La violence armée continue de se développer. Des Européens seront lynchés .Un processus d’assassinats se développe à Sétif et aux environs de la ville. Le massacre durera huit jours .Il se passe la même chose autour de Kherrata et de Guelma. Une vaste opération de ratissage est menée : dans certains douars, il ne reste personne. Ce sont des journalistes américains qui constateront les massacres : des files de fellahs sont entrainées hors de leurs douars et fusillés. Ils découvriront des fosses communes remplies à ras bord de cadavres. Des commandos d’Européens participent, comme l’armée coloniale , à la répression.

Manifs et massacres autour de Sétif, Kherrata et Guelma

Une vague d’arrestations est opérées à l’encontre des Algériens considérés comme militants, sympathisants du mouvement national ou suspects. Tous les dirigeants des partis nationalistes sont arrêtés. Le nombre de morts pour les massacres avait été évalué par le mouvement national à 45 000. Une évaluation proche-30 000 environ- a été faite à partir des documents des journalistes américains et de diverses études. C’est un chiffre considérable si on considère la population concernée.

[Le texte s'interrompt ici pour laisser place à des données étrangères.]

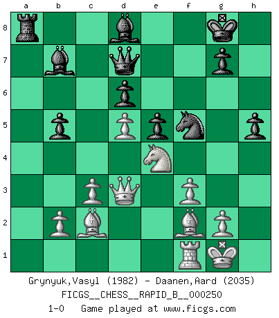 Last move : 1-0 2017 May 16 22:21:20 [Event "FICGS__CHESS__RAPID_B__000250"] [Site "FICGS"] [Date "2017.05.07"] [Round "1"] [White "Grynyuk,Vasyl"] [Black "Daanen,Aard"] [Result "1-0"] [WhiteElo "1982"] [BlackElo "2035"] 1.e4 e5 2.Nf3 Nc6 3.Bb5 a6 4.Ba4 Nf6 5.O-O Be7 6.Re1 b5 7.Bb3 d6 8.c3 O-O 9.h3 Re8 10.d4 Bb7 11.Nbd2 Bf8 12.a4 Qd7 13.axb5 axb5 14.Rxa8 Bxa8 15.d5 Ne7 16.Nf1 h6 17.N3h2 c6 18.Ng4 Nxg4 19.hxg4 cxd5 20.exd5 Bb7 21.f3 Ra8 22.Be3 Ng6 23.Ng3 Be7 24.Rf1 Bd8 25.Ne4 Nh4 26.Qd3 f5 27.gxf5 Nxf5 28.Bf2 h5 29.Bc2 1-0 Ruy Lopez : Closed Kingside Castling by player White (move 5) Kingside Castling by player Black (move 8) Player White won this chess game. Follow this game move after move (download)Chess is mental torture. (Garry Kasparov) Rubinstein ist ein Turmendspiel, welches die Götter vor tausenden von Jahren begannen. (Savielly Grigorievitsch Tartakower) No soy una persona materialista y por eso, no resiento la falta o pérdida del dinero. La ausencia de cosas mundanas carece de importancia. Ya que el Ajedrez es una forma en la que puedo ser tan materialista como yo desee sin tener la necesidad de vender mi alma. (Jamie Walter Adams) Le temps de noter son nom sur la feuille de partie, j'étais déjà en zeitnot ! D'un modeste amateur apparié lors de la première ronde d'un open contre le grand-maître Azmaïparashvili. Computers have lots of memory but no imagination. (Anonymous)

Les Algériens qui avaient lutté en Italie ou en Alsace font une découverte terrible en rentrant au pays : les fusillés de Guelma, les fosses communes et les récits des femmes et des vieux. Beaucoup de militants sont découragés. Certains réagissent très vite : un jeune homme, fils de caïd, Krim Belkacem monte au djebel et recrute 1700 militants amazigh dont 500 combattants potentiels. D’autres comprennent qu’ils n’ont rien à attendre de prétendues réformes jamais appliquées ou de soi-disant élections truquées. Ils estiment que seule l’insurrection armée permettra d’atteindre l’indépendance. Citons Ben Bella qui a lutté à Monte Casino en Italie et où deux de ses frères sont morts dans l’assaut de la position: promo : adjudant ; ou Oumrane : promo sergent ; ou encore Boudiaf : promo : adjudant. On voit à quel point les promos de ces combattants étaient modestes…

Il faudra longtemps pour que ces hommes rencontrent d’autres militants radicaux du mouvement national. Les débats dureront dix ans. Il faudra attendre les années 50 pour que se dessine une perspective de lutte armée, la préparation de celle-ci sur le plan politique et organisationnel .Et le premier novembre 1954, le Hizb as Sawra, le Parti de la Révolution, dénommé alors FLN lancera l’insurrection armée.